[RECORDS — start]

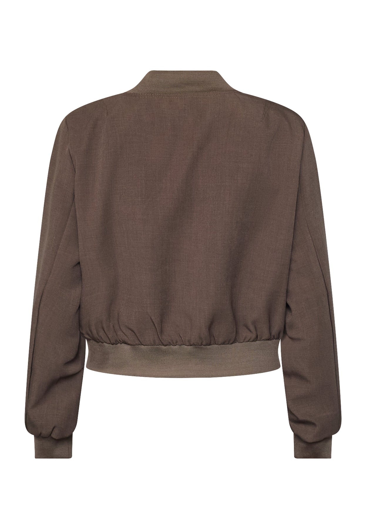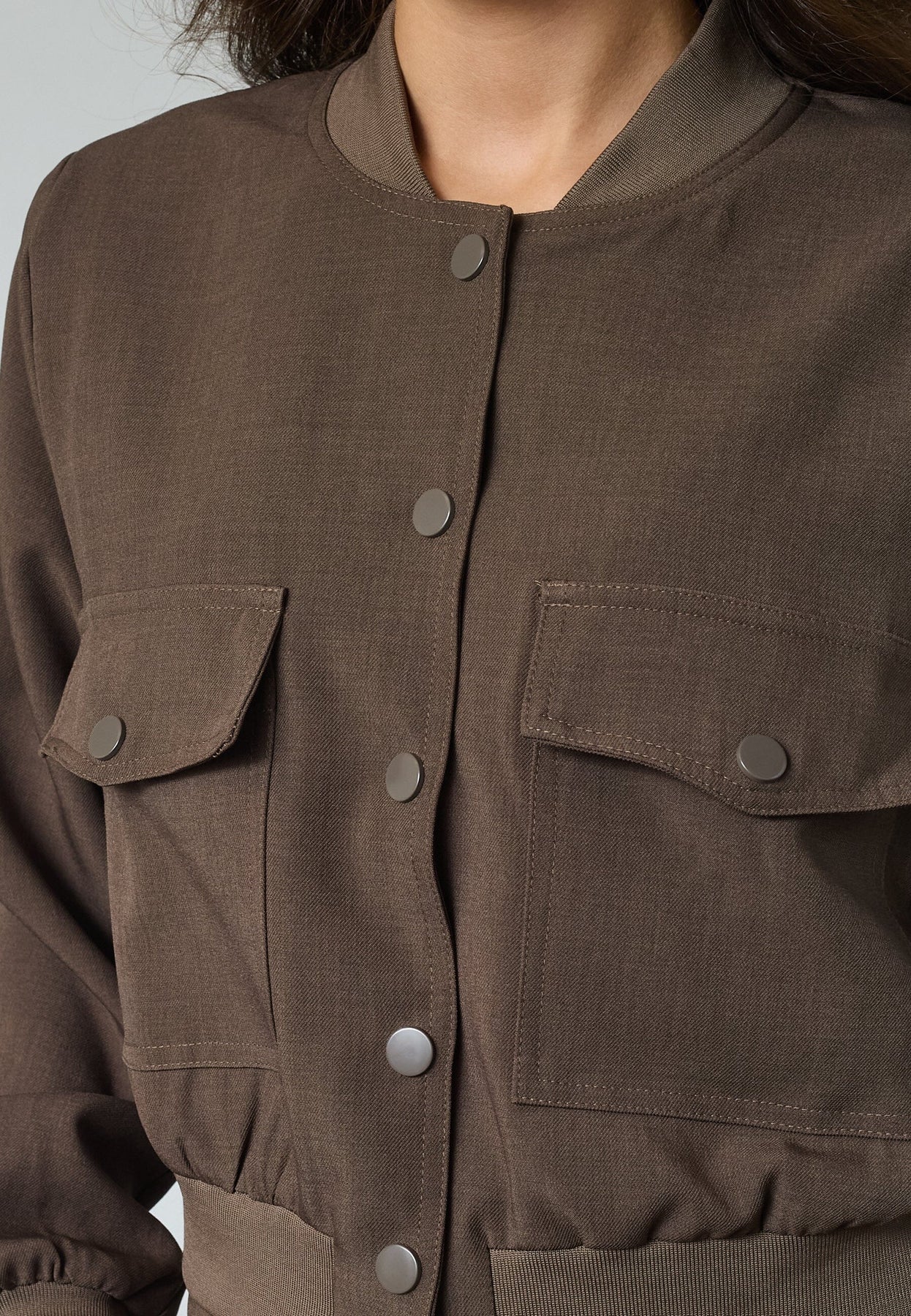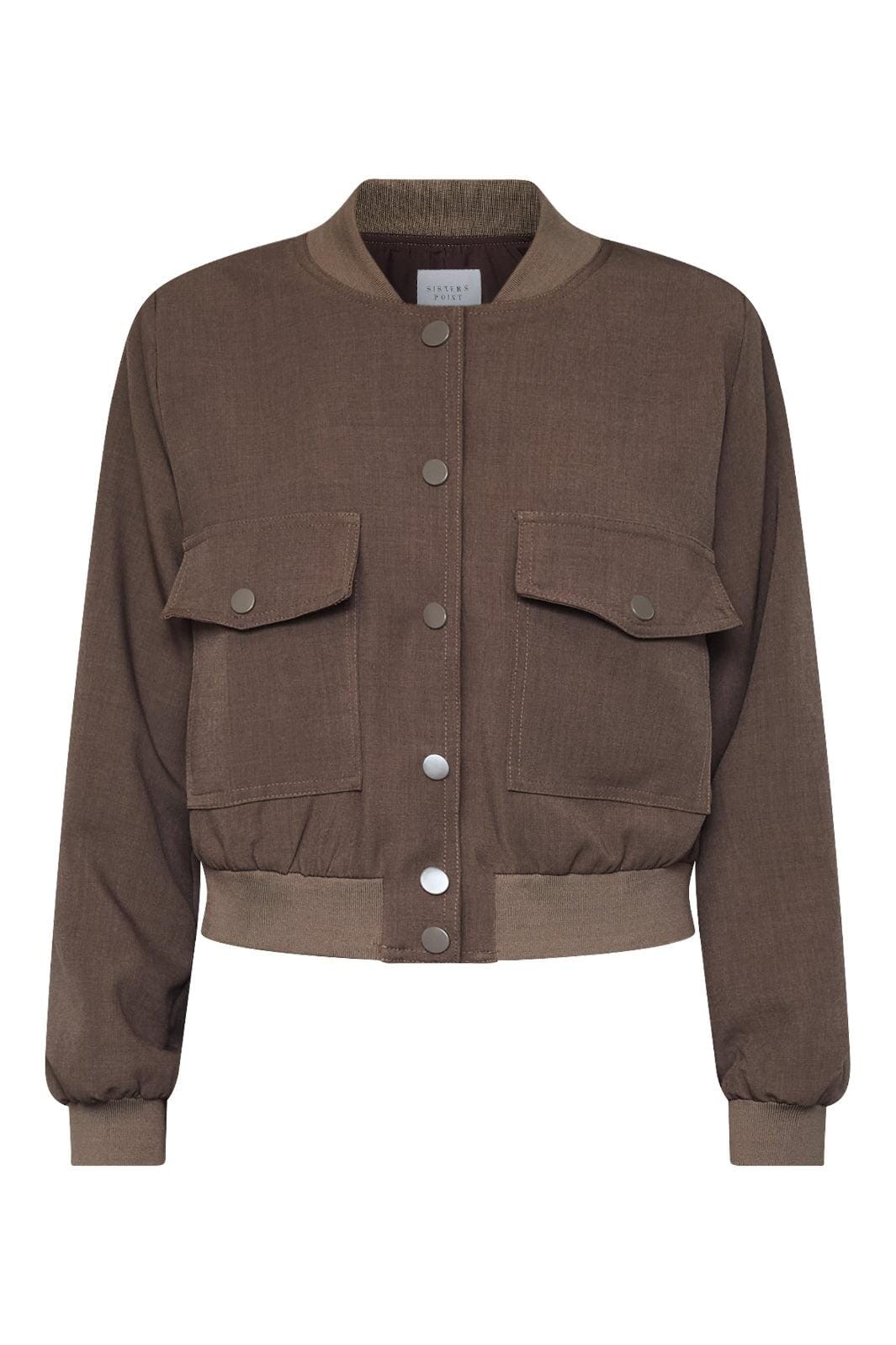 Kurze Jacke von Sisters Point in einem Braunton. Die Jacke hat dekorative Nähte, Druckknöpfe entlang der Mitte und zwei Brusttaschen mit Klappen.
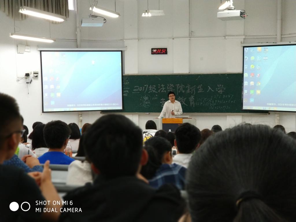 (法学系主任马迅老师为法学专业同学进行专业教育)
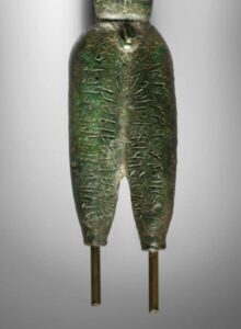 Ο τονισμός επιτείνεται με την αύλακα της σπονδυλικής στήλης βαθιά χαραγμένης στο μέταλλο. Τα ορθάνοιχτα μάτια του ήταν ένθετα από πολύτιμες ύλες, μη σωζόμενα.
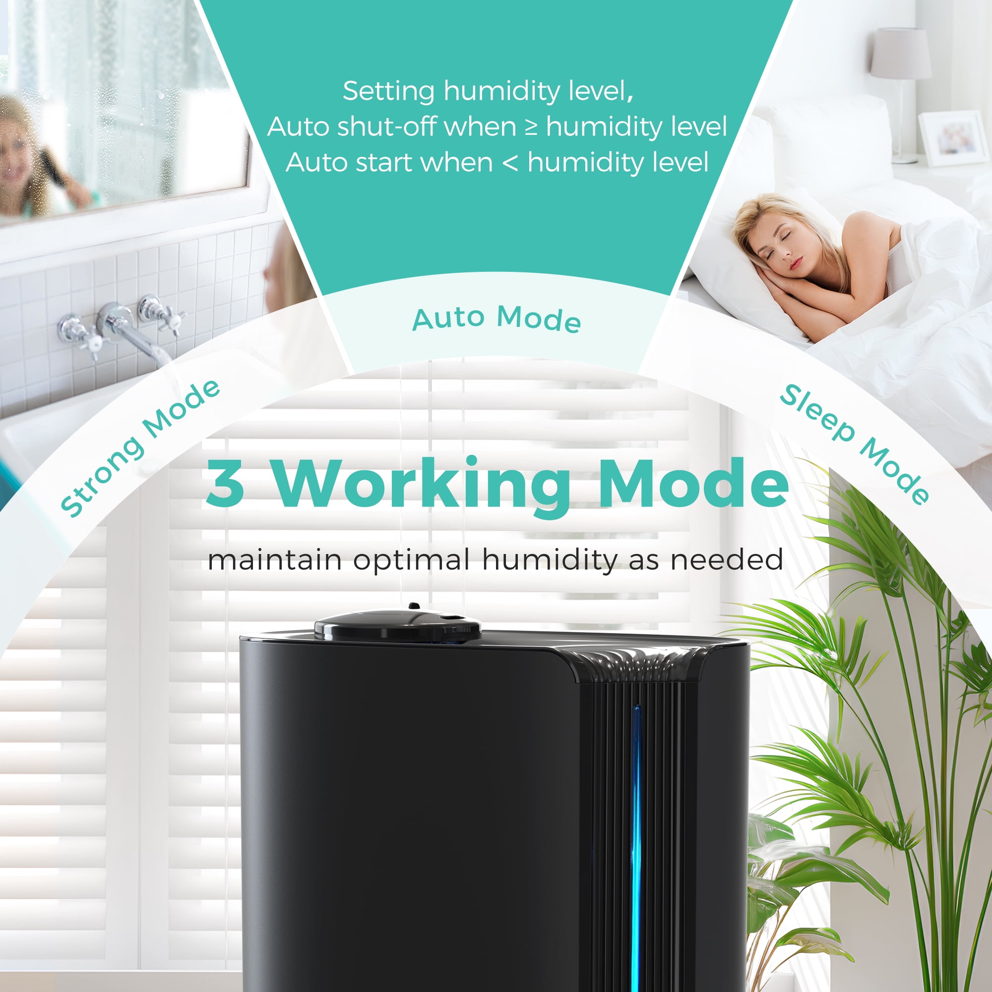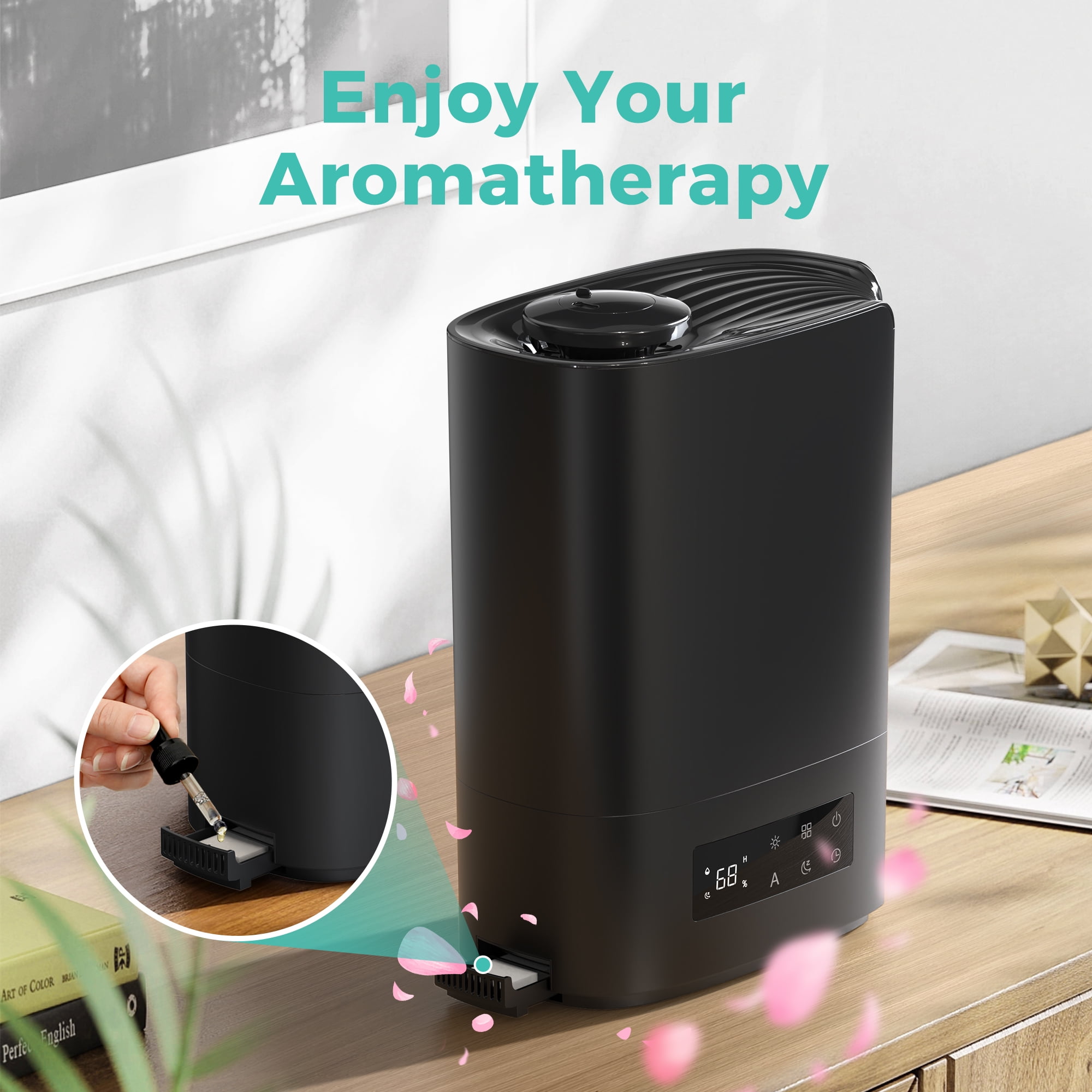 KLOUDIC Large Cool Mist Humidifier for Large Home- 6L(1.6gal) large capacity allows this humidifier to work for a long period of time(Max 60h) in a low-speed mode. In sleep mode, our dehumidifier for bedroom works at the 25dB ultra-quiet noise level which will not disturb your sound sleep. This safe humidifier can automatically shutoff when run out of water. It’s safe to use in baby room.The modern colorful night light is perfect for building a sweet atmosphere in bedroom. Easy to change color or switch off. It’s convenient to check the volume of water at a glance. Now you can adjust the humidity of your room with the help of this Smart Humidistat Humidifier, which allows you to set the desired humidity level from 55% to 90% RH, and the humidifier starts to work for the setting. This large humidifier with a separate built-in essential oil tray, allows you to add your favorite aroma into the cool mist, making a fancy living environment, relaxing your mind when resting or doing Yoga. (Note: the essential oil is not included)
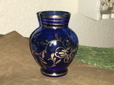 Vintage Small Cobalt Blue Glass Vase With Silver Overlay Hand Blown H 4 75 W 2 Ebay
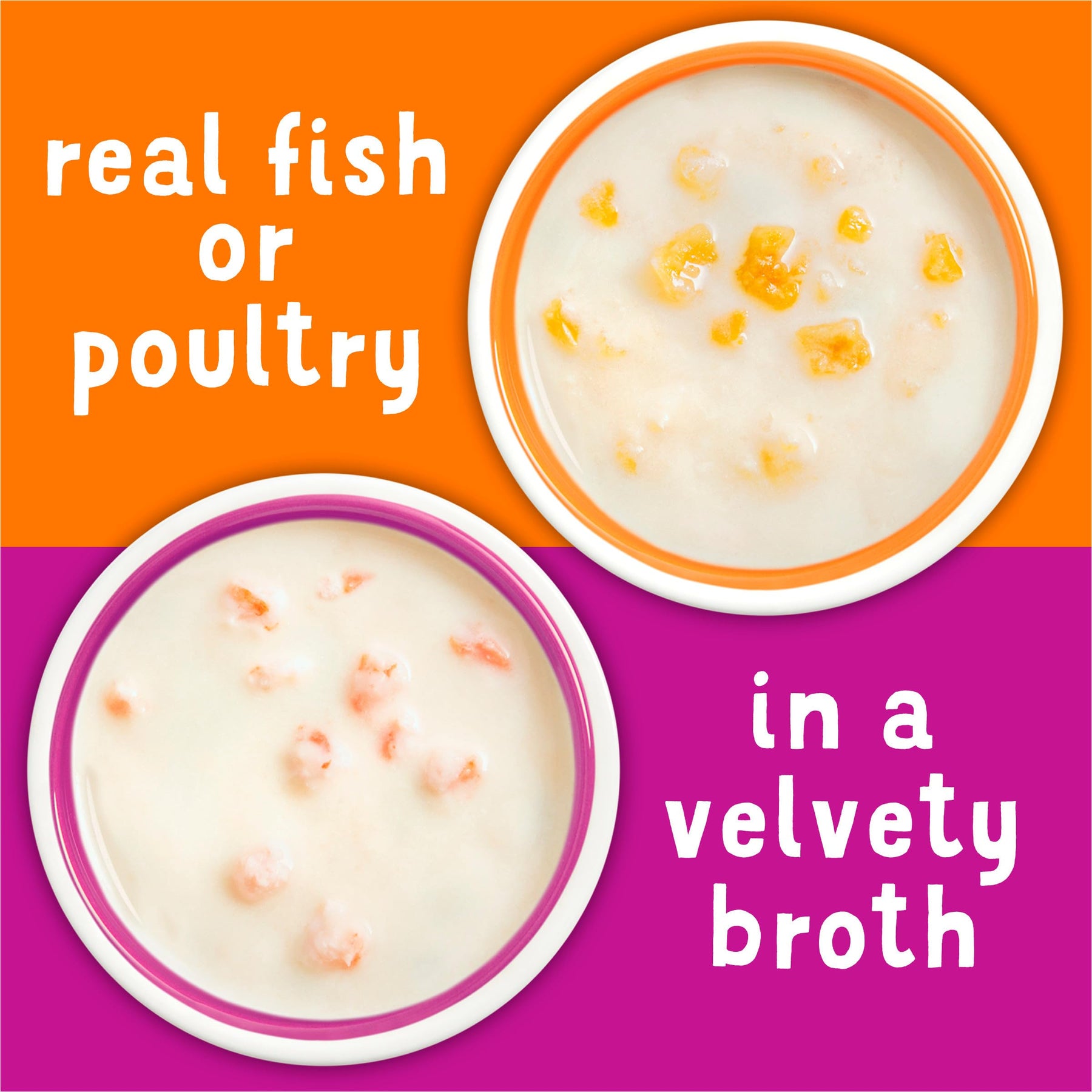 La Purina Friskies Lil’ Soups Variety Pack ofrece una irresistible mezcla de salmón, atún y camarón en suaves sopas sin granos, ideales para complementar la alimentación de los gatos adultos. Hechas con ingredientes naturales y sin subproductos, colorantes ni sabores artificiales, estas sopas brindan una textura cremosa y un sabor que los gatos adoran, además de aportar hidratación y vitaminas esenciales.
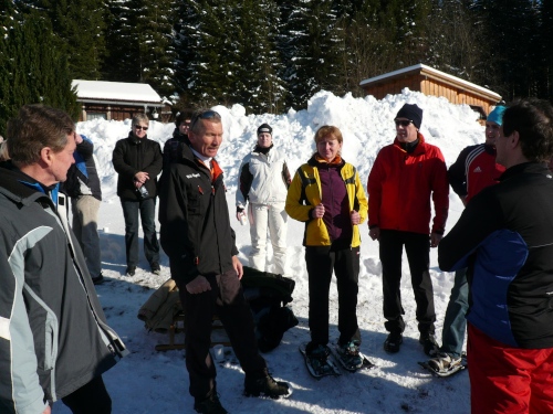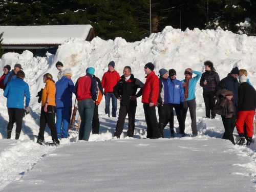 Zurück im Riesberghof, unserer Unterkunft, stehen dann am späten Nachmittag ein Schneeschuhtest und ein Staffelrennen mit Schneeschuhen und Schlitten auf dem Programm. Wie das genau aussieht, wird erst nach dem Genuss von Glühwein verraten. Ein Diesel muss ja auch vorgeglüht werden, bevor er rund läuft.
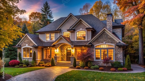An evening view of a stone and timber home with warm lighting illuminating the windows and surrounding landscape, casting a comforting glow against the backdrop of a fall forest.
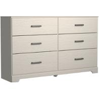 with its clean-lined look and modern attitude, this dresser is a fresh style awakening. crisp, white hue over subtle replicated wood grain easily complements other furniture finishes. smooth drawer fronts with antiqued pewter-tone handles completes the aesthetic..
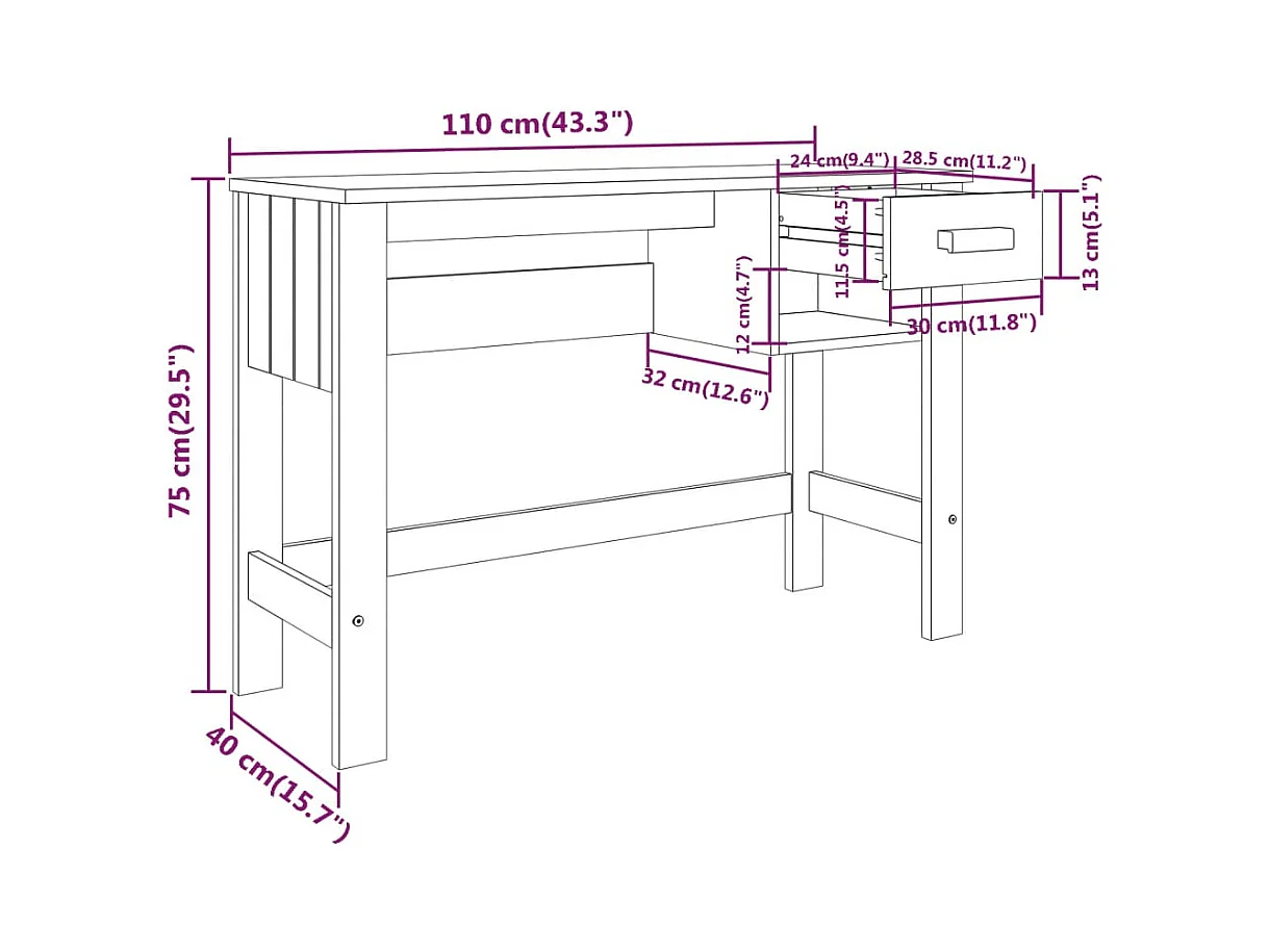 Secretária 110x50x75 cm madeira de pinho maciça cinzento

[RECORDS — finish]

PROBLEM TO WORK ON —
Among the entries above, locate the line with "(法学系主任马迅老师为法学专业同学进行专业教育)" and the line with "Ο τονισμός επιτείνεται". Give those two lines and all lines between them again, exactly, leaving out the pictures.

EXERCISE SOLUTION —
 (法学系主任马迅老师为法学专业同学进行专业教育)
 Ο τονισμός επιτείνεται με την αύλακα της σπονδυλικής στήλης βαθιά χαραγμένης στο μέταλλο. Τα ορθάνοιχτα μάτια του ήταν ένθετα από πολύτιμες ύλες, μη σωζόμενα.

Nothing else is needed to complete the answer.